▸ Material provided
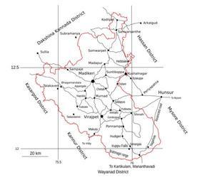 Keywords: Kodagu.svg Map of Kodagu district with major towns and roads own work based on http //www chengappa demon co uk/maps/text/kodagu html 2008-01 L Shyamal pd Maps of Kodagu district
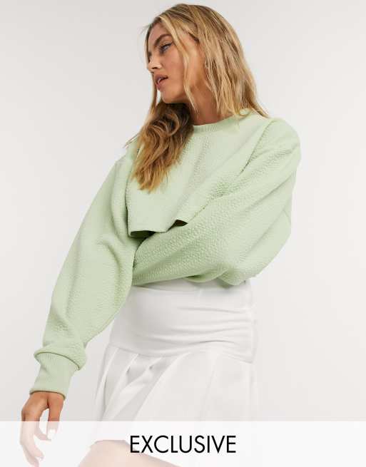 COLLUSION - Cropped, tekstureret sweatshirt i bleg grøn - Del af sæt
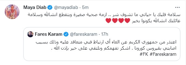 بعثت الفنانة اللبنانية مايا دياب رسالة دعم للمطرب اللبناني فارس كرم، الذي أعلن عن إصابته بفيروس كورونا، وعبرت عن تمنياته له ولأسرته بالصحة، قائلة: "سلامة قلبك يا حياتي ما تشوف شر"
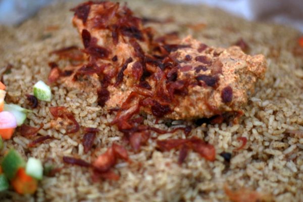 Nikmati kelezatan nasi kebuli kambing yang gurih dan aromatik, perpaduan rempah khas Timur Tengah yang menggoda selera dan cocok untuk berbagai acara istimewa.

▸ Task details
Make an exact copy of the data above, pictures excluded.

▸ Task response
 Keywords: Kodagu.svg Map of Kodagu district with major towns and roads own work based on http //www chengappa demon co uk/maps/text/kodagu html 2008-01 L Shyamal pd Maps of Kodagu district
 COLLUSION - Cropped, tekstureret sweatshirt i bleg grøn - Del af sæt
 بعثت الفنانة اللبنانية مايا دياب رسالة دعم للمطرب اللبناني فارس كرم، الذي أعلن عن إصابته بفيروس كورونا، وعبرت عن تمنياته له ولأسرته بالصحة، قائلة: "سلامة قلبك يا حياتي ما تشوف شر"
 Nikmati kelezatan nasi kebuli kambing yang gurih dan aromatik, perpaduan rempah khas Timur Tengah yang menggoda selera dan cocok untuk berbagai acara istimewa.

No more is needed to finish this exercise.